R3: Graphics and Visualization
Classification with Random Forests
Random forests are an extension of classification and regression trees. They show great promise for accurate high-dimensional predictions, at the cost of some ease of interpretation. The R package randomForest must be installed.

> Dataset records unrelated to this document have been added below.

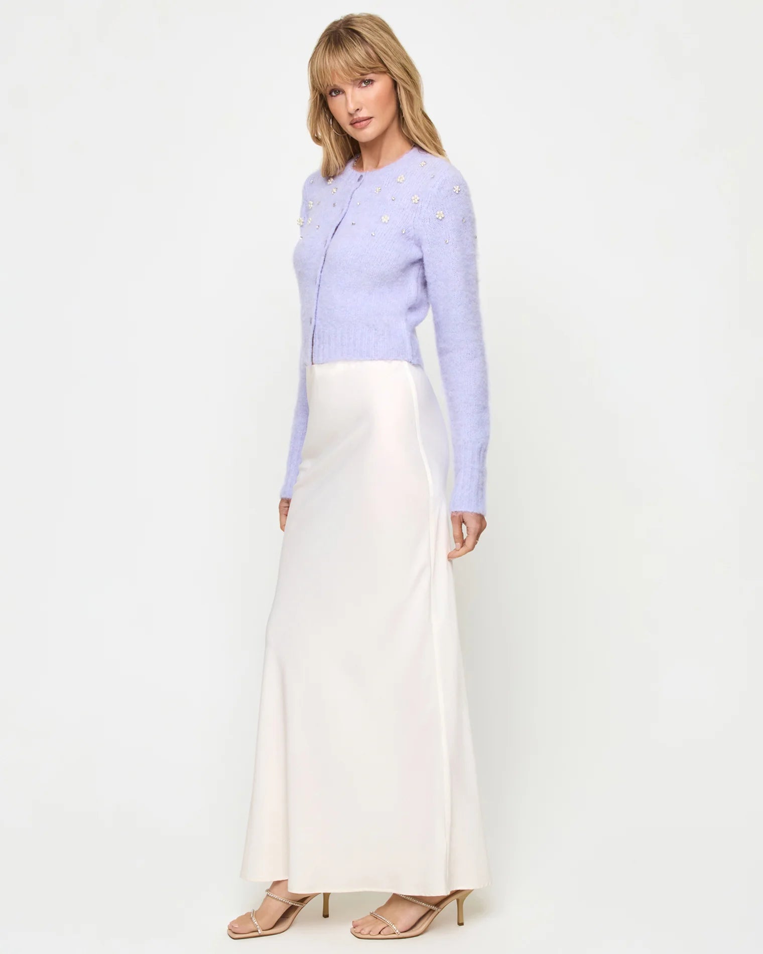 Rhinestones are a girl's best friend. The Brynn Cardigan has a cropped hemline, v-neckline, and a button down front. Wear it with your favorite denim for a look that'll take you from season to season.
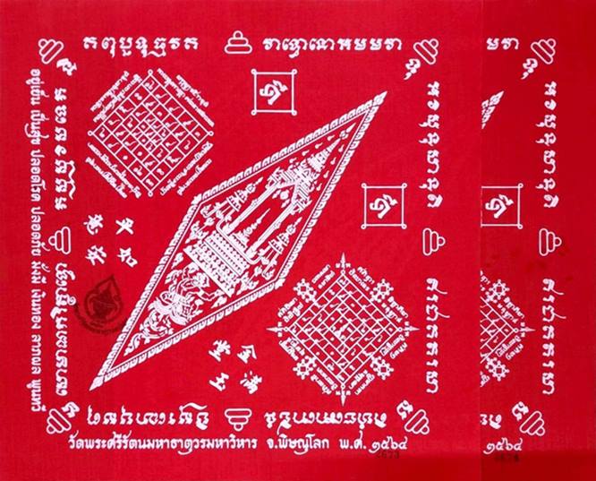 ( 2 ผืน สีแดง ) ผ้ายันต์ อกเลา ขนาด 30CM x 30 CM ปี 2564 วัดพระศรีรัตนมหาธาตุวรมหาวิหาร จัดสร้างเอง
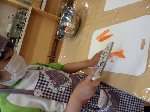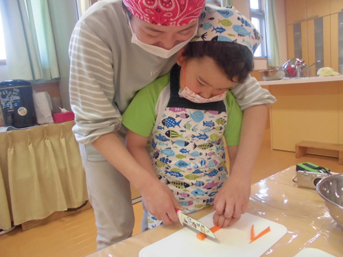 包丁を使って人参・じゃがいもをサイコロ状に切る作業も頑張りました!

1. South African Heart Disease Data – CART
library(rpart)
heart=read.table("SAheart.txt")
heart.cart=rpart(chd~., data=heart, method="class")
plot(heart.cart)
text(heart.cart, use.n=FALSE, pretty=0)
[pic]
heart.cart.pred = predict(heart.cart, heart[,-10], type="class")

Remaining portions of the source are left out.